More than 50 Burmese illegal migrants have suffocated in the back of a lorry taking them to southern Thailand, Thai police say.
The 54 migrants were found dead inside the packed container lorry after dozens more managed to escape from the vehicle and flag down police.
Police said the migrants had suffocated after the ventilation failed.
Thailand acts as a magnet for poor Burmese workers, with thousands risking the often perilous journey there.
Police said that the Burmese workers had crossed by boat to the Thai town of Ranong from Burma's southern tip at Victoria Point - a route often used by illegal immigrants.
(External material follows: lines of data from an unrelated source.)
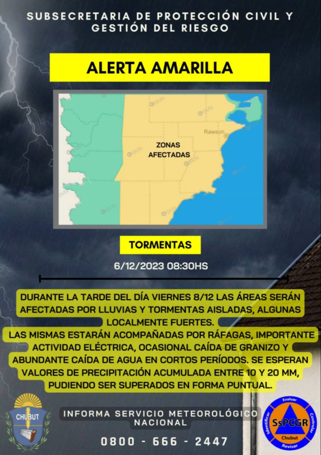La Subsecretaría de Protección Civil y Gestión del Riesgo, emitió una alerta amarilla por tormentas para el próximo viernes en gran parte de la provincia del Chubut.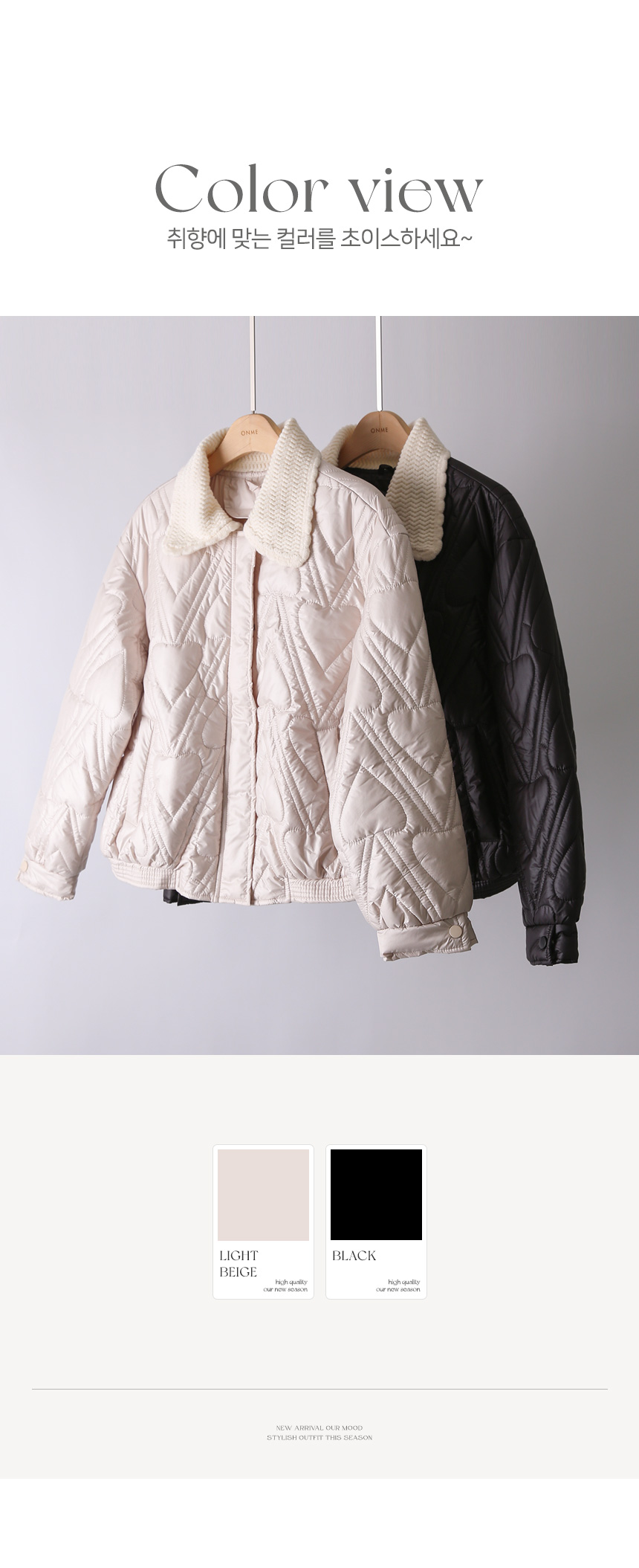 니트 카라 배색으로 목 부분까지 따뜻하게 감싸주어 보온성 Up!
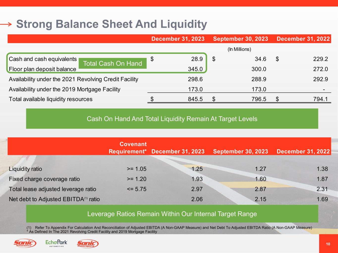 9 Strategic Focus • Continued Growth Opportunity In Parts & Service, F&I Per Unit • Ongoing Profitability Enhancement Through SG&A Expense Control, Inventory Management • Pursue Strategic Acquisition Opportunities As Market Evolves • Utilize Existing Infrastructure To Support Omnichannel Distribution Network • Targeting Return To Breakeven Adjusted EBITDA In Q1 2024 • Growing eCommerce Presence Offers Scalable Incremental Reach • Addressable Market Opportunity Of 2 Million Vehicles Annually At Maturity • Positioned To Resume Disciplined Expansion Of EchoPark Footprint Once Used Vehicle Market Conditions Improve • Focus On Guest Experience And eCommerce Opportunity To Drive Market Share Gains • Balanced Capital Allocation Strategy Prioritizes Highest Return on Investment • Return Of Capital To Shareholders Via Share Repurchase Program And Dividend • Further Diversify Business Model In Adjacent Sectors (Powersports) Franchised Dealerships EchoParkStrategic Focus Note: Profitability, unit sales volume, Adjusted EBITDA and footprint expansion projections are estimates of future results. Actual results may differ. See “Forward-Looking Statements.”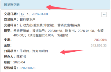3. 点击 【保存日记账】,付款完成!报销单状态自动变为 “已付款”,日记账同步更新,账目实时准确,下图所示:

They had then been packed into an airtight container on a lorry for the journey to the resort island of Phuket, but the ventilation in the container failed, Col Kraithong Chanthongbai said.
EXODUS FROM BURMA
Thailand: 141,000 refugees in camps, about 500,000 registered migrants, up to 1,350,000 unregistered
Bangladesh: 27,000 refugees in camps, 200,000 unregistered
Malaysia: 30,000 refugees, several thousand unregistered
India and China: Tens of thousands of unregistered workers in border states of Mizoram and Yunnan respectively
Sources: UNHCR, NGOs
"The people said they tried to bang on the walls of the container to tell the driver they were dying, but he told them to shut up as police would hear them when they crossed through checkpoints inside Thailand," he told the French news agency AFP.
Police found 54 dead workers - 37 women and 17 men - inside the container, which measured just 6 metres by 2.2 metres.
Twenty-one other workers were taken to hospital suffering from dehydration and lack of oxygen, he said.
Those who did not require hospital treatment were detained by the Thai authorities.
The driver of the lorry fled the scene.
There are thought to be up to two million Burmese workers in Thailand, more than half of whom are in the country illegally.
They fill the low-paid, often dangerous jobs in sectors including textiles, construction and fisheries that Thai workers do not want.
But these jobs offer the migrants salaries that far exceed what they could earn in military-ruled Burma, one of the region's most impoverished nations.